A Pentagon Official Drafts A Condolence Letter
By Tom Daley
[Her tomboy taunts all stilled.] No note of praise
that I might shape could lull your shock or gloom.
Your daughter fell [to find the End of Days.
She christens Armageddon with her wounds.]
She cooled to mercy under desert rain.
She gave no cry. How could she, ambushed so?
We know she died before a slingshot pain
afforded her the spur [and grace] to show
a courage pledged in camaraderie.
[If thin mistakes have tipped her towards her doom,
they will not hedge her death’s audacity.]
The fanatic, from whose belt ball bearings [bloomed,
conceived no more or less of hope than she.

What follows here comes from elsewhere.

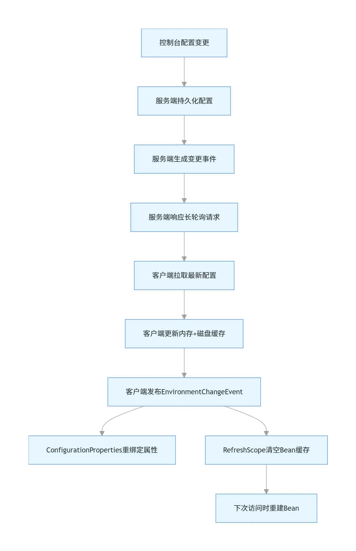 EnvironmentChangeEvent事件时,RefreshScope会监听该事件,清空内部持有的Bean实例缓存,销毁原实例 - 下次调用代理对象的方法时,会重新创建Bean实例,注入最新的配置属性,完成刷新

Their end adheres our time to time’s mortality.]
reciprocity
Tom Daley has poems published or are forthcoming in a number of journals, including Fence, Diagram, Barrow Street, Massachusetts Review, In Posse Review, Harvard Review, Prairie Schooner, 32 Poems and Poetry Ireland Review, and has been anthologized in Hacks: The Grub Street Anthology, Unlocking the Poem, and the Poets for Haiti anthology. He is a past recipient of the Charles and Fanny Fay Wood Academy of American Poets poetry prize. His manuscript, Shim, was a finalist in The Poetry Foundation’s Emily Dickinson First Book Award.
The form of this poem is engaging. There is a poem within a poem that emerges through the visual devices employed by the poet. If the reader reads only what is in the parentheses, the likely thoughts of the family are revealed:
(Her tomboy taunts are stilled.)/to find the End of Days./She christens Armagedon with her wounds.)/(and grace)/(If thin* mistakes have tipped her towards her doom,/they will not hedge her death’s audacity.) (bloomed, conceived no more or less of hope than she./Their end adheres our time to time’s mortality.)
How dare she die—be killed— expressed with somber pathos!
The remainder of the poem are the sentiments of the Pentagon writing the letter:
No note of praise/that I might shape could lull your shock or gloom./
Your daughter fell./ She cooled to mercy under desert rain./She gave no cry. How could she ambushed so?/We know she died before a slingshot pain/ afforded her the spur to show a courage pledged in comaraderie./The fanatic, from whose belt ball bearings reciprocity.*
The very clever form conveys that war is war—reciprocity— the bottom line. She died quickly in an ambush. She didn’t suffer. She had no opportunity to demonstrate any more courage.
*thin and reciprocity crossed out in poem.
The subtle and effective rhyme is wonderful: e.g. audacity, reciprocity; rain, pain; doom, bloomed; and several more—really musical.
I admire the economy of language and effectiveness of form in this poem.